Enrico Gratton Wins Argentina’s 2024 LELOIR Award

UCI Distinguished Professor Emeritus Enrico Gratton

June 11, 2025 - Enrico Gratton has won the 2024 LELOIR Award in the field of exact and natural sciences. The award is the highest honor given to a foreign researcher by Argentina’s Ministry of Science, Technology and Innovation. Every year, the ministry presents the award to a distinguished global researcher who has supported the growth of Argentina's scientific and technological development.

Enrico Gratton has made a lasting contribution to the advancement of cutting-edge microscopy in Argentina through his longstanding collaboration with Professor Laura Estrada. Their joint efforts led to the establishment of the only operational two-photon 3D orbital tracking microscope in Latin America, significantly expanding the country’s capacity for high-resolution, live-cell imaging and quantitative biophysics. His commitment also extended well beyond Buenos Aires, supporting the development of advanced optical techniques and laboratory capabilities in provinces across the country, fostering national networks and reducing the technological gap in advanced microscopy.
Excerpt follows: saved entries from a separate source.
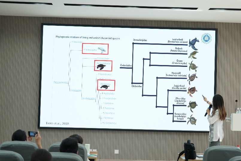 陈老师首先以“800磅重的恐龙样的海龟棱皮龟登陆在佛罗里达海滩岸筑巢”这一引人入胜的现象为切入点,带领大家一同回溯海龟类从三叠纪一路走来的漫长历程。海龟作为海洋“活化石”,曾与恐龙同处一个时代,是全球海洋生态系统的关键指示物种。然而,这些在地球上存活了上亿年的古老生物,如今却因人类活动而陷入重重生存危机。全球7种海龟中,6种已被列为受威胁物种,其中在我国海域分布的绿海龟、玳瑁等5种更是被列为国家一级重点保护动物。
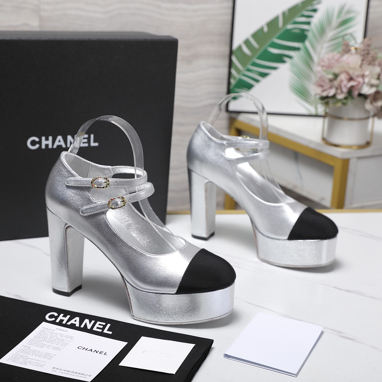 Giày cao gót CN màu bạc mũi đen da bò cao cấp đế cao 11 cm
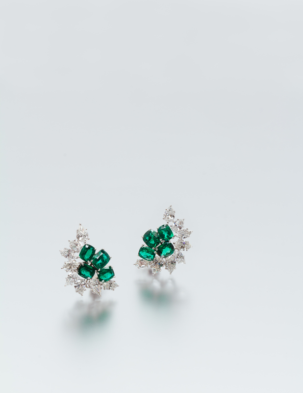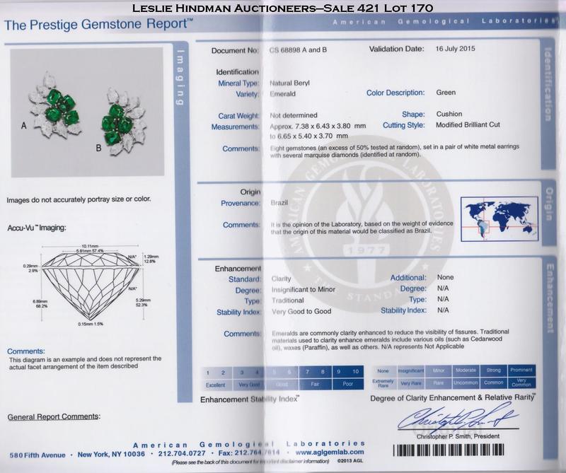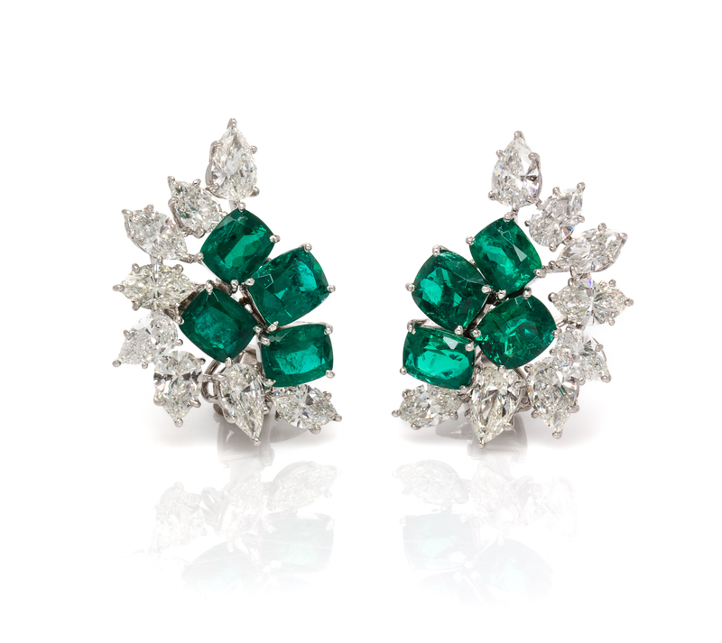 in an openwork cluster style, containing eight cushion cut emeralds weighing approximately 7.50 carats total, together with six marquise cut diamonds weighing approximately 2.27 carats total and 10 pear shape diamonds weighing approximately 4.30 carats total.Stamp: FCC Plat.Accompanied by an American Gemological Laboratories emerald identification and origin certificate number CS 68898 A and B, dated July 16, 2015, stating Mineral Type: Natural Beryl, Variety: Emerald, Origin: Brazil, Clarity Enhancement: Insignificant to Minor, Type: Traditional.
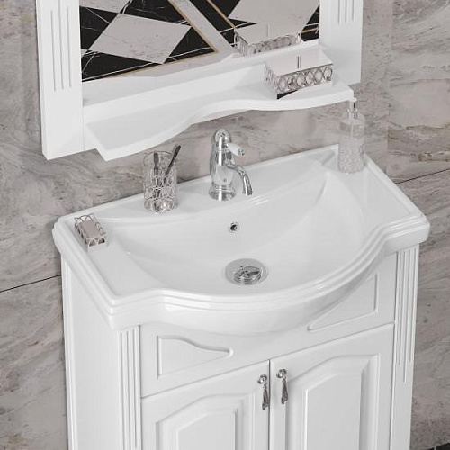 Коллекция РИСПЕКТО символизирует лучше традиции неоклассики в сочетании с необыкновенной функциональностью и простотой дизайна. Успех и уникальность коллекции формируется несколькими вариантами отделок, а также размерным рядом моделей и глубокой керамической раковиной. Завершенность стилю коллекции РИСПЕКТО придают сложные филенчатые фасады мебели. Несколько вариантов пеналов — узкий, стандартный (с бельевой корзиной) и двухстворчатый — удачно завершают комплектацию коллекции. Мебель оснащена механизмами плавного закрывания Hettich (Германия).
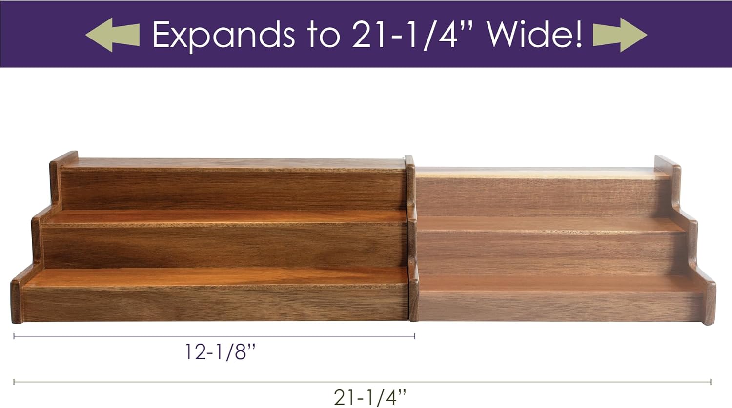 - Adjustable to Your Kitchen: Spice rack expands from 12-1/8 inches to up to 21-1/4 inches to fit your kitchen cabinet or countertop space perfectly; slides easily to adjust to the needed width
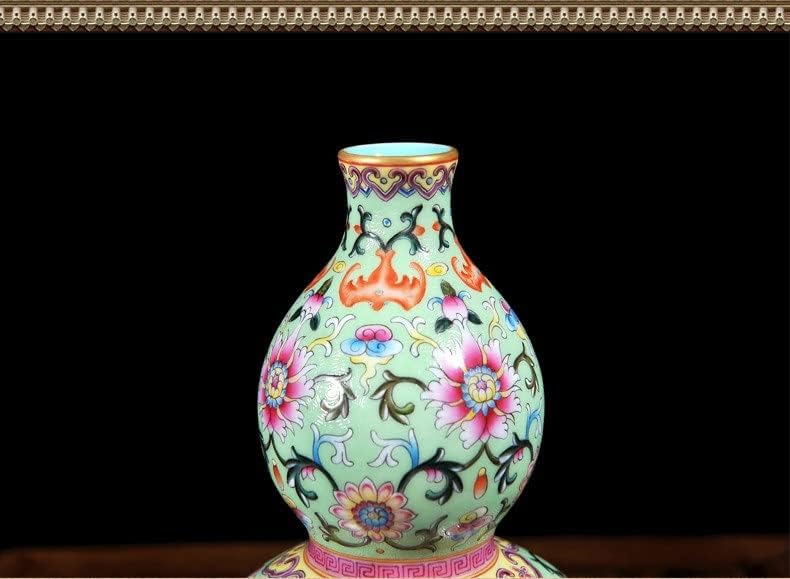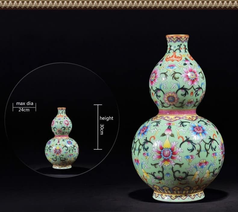 ZSEDP Chinese Style Antique Green Ceramic Flower Vase Collection Jingdezhen Porcelain Gourd Decoration Vase
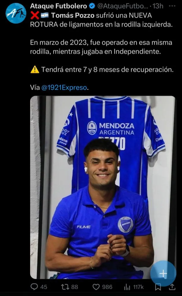 Se trata del volante argentino, Tomás Pozzo, quien en el último duelo por el Campeonato Argentino ante Unión de Santa Fe, salió con problemas físicos, los cuales fueron más complicados de lo que se preveía.

Argentina’s National Institute of Industrial Technology Executive Director Marcelo Marzocchini said the award recognizes Gratton’s “significant contributions to the strengthening of our National Scientific and Technological System, as well as invaluable efforts in fostering its engagement with the scientific systems of the Italian Republic and the United States of America.”

Gratton is an UCI Distinguished Professor Emeritus in biomedical engineering and professor of physics and astronomy. He led the first national facility, the Laboratory for Fluorescence Dynamics (LFD), dedicated to fluorescence spectroscopy. At the LFD, scientists use fluorescence to study cellular processes. These include protein aggregation, membrane interaction, and migration of cells to track moving particles and analyze collagen formation and deformation. The research provides insight into cellular function and can be applied to the diagnosis and treatment of human diseases. The LFD is an 8,000 square foot state-of-the-art laboratory that also offers free technical assistance to visiting scientists.

Gratton’s work spans across biophysics, biochemistry, molecular biology, nuclear medicine and biomedical engineering. Under his guidance, more than 50 students have earned doctorates and many now occupy critical roles in academia and at research institutions.

The LELOIR awards honors foreign scientists, researchers, and technologists who have contributed to strengthening the scientific and technological capabilities of Argentina.  The award is named after Luis F. Leloir, the winner of the Nobel Prize in Chemistry 1970.